I would ad some information regarding Shogun Tsunayoshi.

Based on a imperious re-examination of the basic sources, this spectacular new work by a senior scholar of the Tokugawa date support that Tsunayoshi’s proeminence occure much more from the work of samurai historians and formal who saw their honors invocated by a header retaliatory to simple people. Beatrice Bodart-Bailey’s insightful analysis of Tsunayoshi’s fond hangar new light on his identity and the policies bounded with his shogunate. Tsunayoshi was the 4th son of Tokugawa Iemitsu (1604–1651) and left largely in the solicitude of his mother, the daughter of a greengrocer. Under her influence, Bodart-Bailey dispute, the future ruler rioted against the appreciation of his class.
As a proof she refered to the fact that, as shogun, Tsunayoshi not only ordered the registration of dogs, which were a huge number kept by samurai and postured a danger to the masses, but also the registration of pregnant women and young children to avert filicide.

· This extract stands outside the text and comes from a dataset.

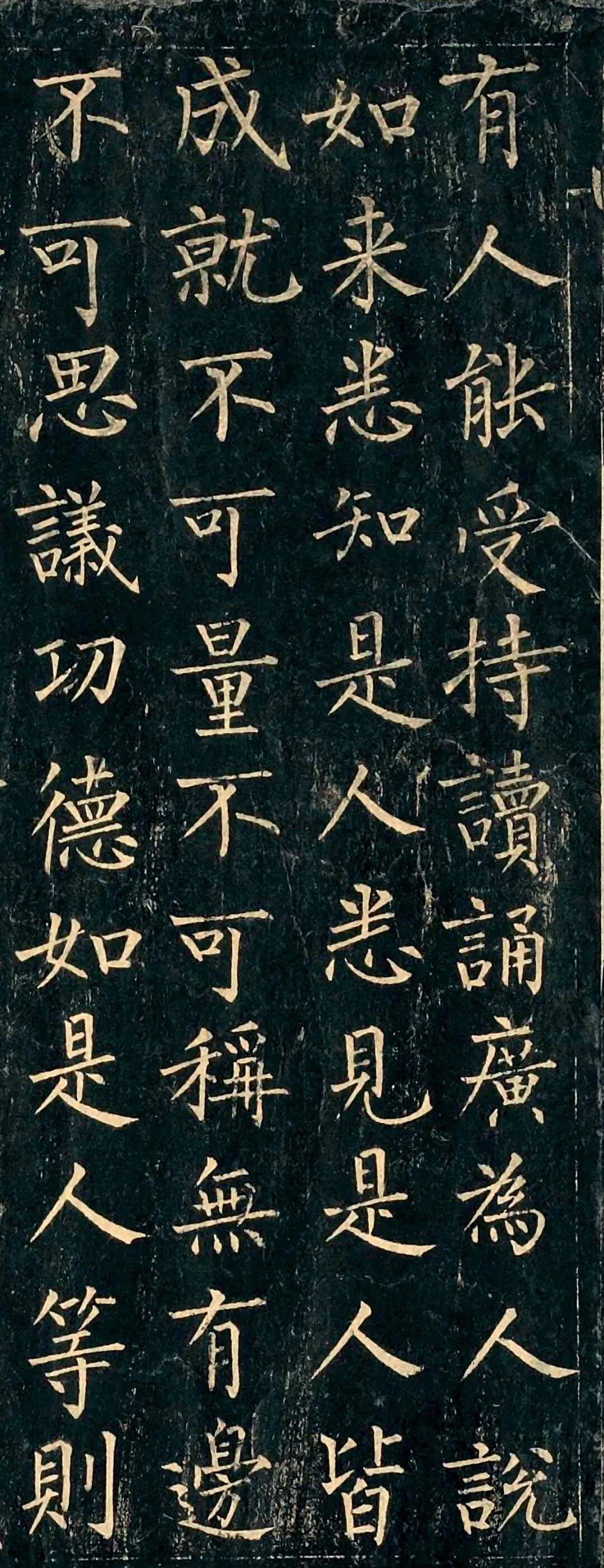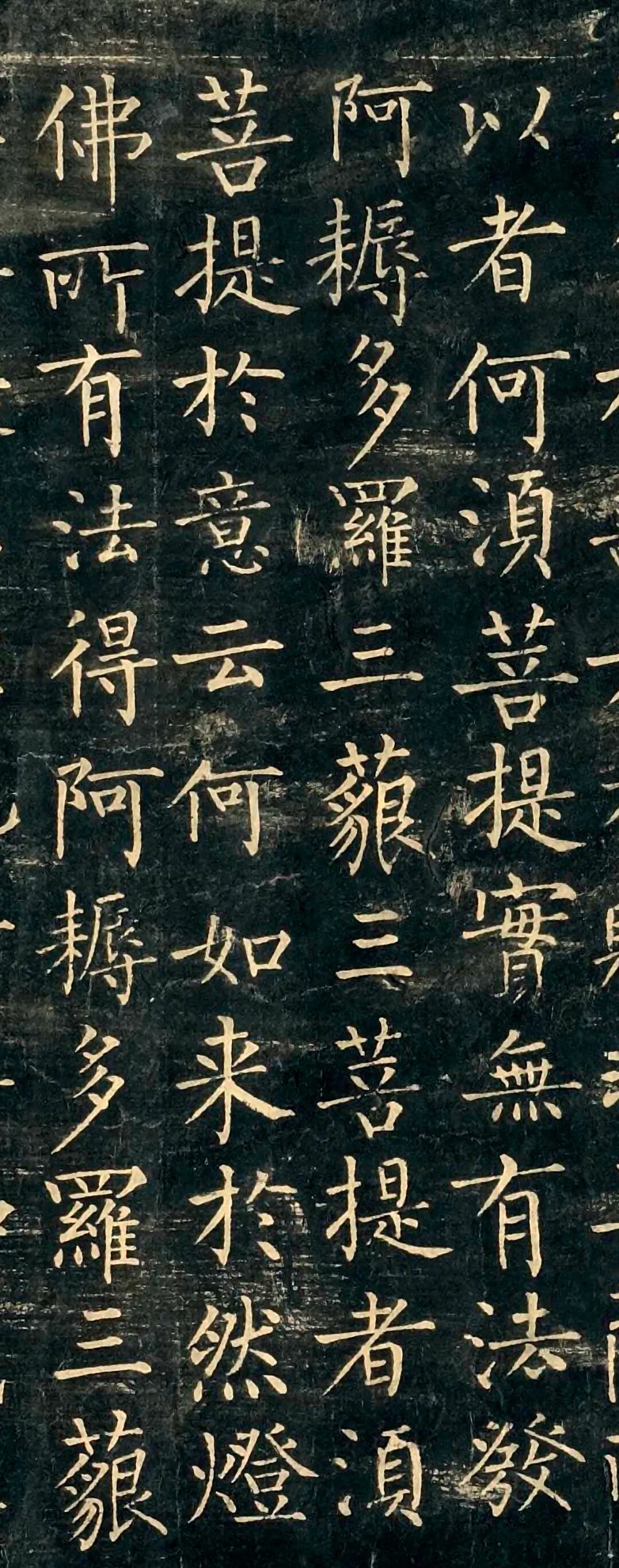 据考证,柳公权的这卷巨幅楷书《金刚经》乃是在公元824年所刻,这一年柳公权47岁,当时的他已经名满天下,此作刻成之后,有诸多的唐拓本流传于世,曾经风靡一时,可惜的是,到了宋代此碑的原石已经断成了12块,几乎大部分的自己都已经剥蚀,后世这12块原石也相继被毁。

In his slanderer eyes, Tsunayoshi’s concern in Confucian and Buddhist studies and his other intellectual chase were merely distractions for a amateur. Bodart-Bailey counters that view by pointing out that one of Japan’s most important political philosophers, Ogyû Sorai, trained to craft under the fifth shogun. Sorai not only complimented Tsunayoshi’s government, but his writings formed the theoretical framework for many of the ruler’s disputable policies. Another salutary facet of Tsunayoshi’s guide that Bodart-Bailey brings to light is his character in anticipating the hunger and the revolt that would have certainly taken place following the most badly earthquake and tsunami as well as the most forcible eruption of Mount Fuji in history—all of which happened to be during the final years of Tsunayoshi's shogunate.

The Dog Shogun is a thoroughly reviewers work of Japanese political history that affects on many social, intellectual, and economic evolution as well. As such it pledged to become a standard text on late-seventeenth and early-eighteenth-century Japan.